Antioch will pay Coursera an undisclosed amount for permission to use several courses, including ones from Duke University and the University of Pennsylvania. The company will share that revenue with the universities, which own intellectual property rights for their courses as part of their contracts with Coursera. According to a copy of a contract with one of its university partners, obtained by Inside Higher Ed via an open records request, the company plans to pay its university partners between 6 and 15 percent of gross revenue for courses offered through the platform.
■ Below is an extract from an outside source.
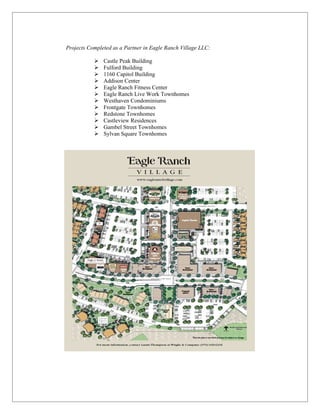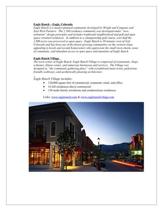 Eagle Ranch is a 1,800 acre planned community in Eagle, Colorado developed by Wright and Company and East West Partners. It includes 1,380 homes built with new urbanist design principles, as well as a golf course and over half the land preserved as open space. Eagle Ranch Village is the town center, with shops, restaurants, and other amenities designed to be pedestrian-friendly. Tahoe Mountain Resorts, developed by East West Partners, includes luxury communities in North Lake Tahoe with amenities like golf courses, fitness facilities, and dining.

If Coursera does manage to make money through content licensing, it could create monetary incentives for professors at the company’s partner universities who might be considering whether adapting their courses as MOOCs would be worth their while. “The faculty member would see a portion of the revenue,” says Lynne O’Brien, director of the center for innovative teaching at Duke. “When Coursera makes money, we’ll make money, and when we make money, the faculty member will make money.”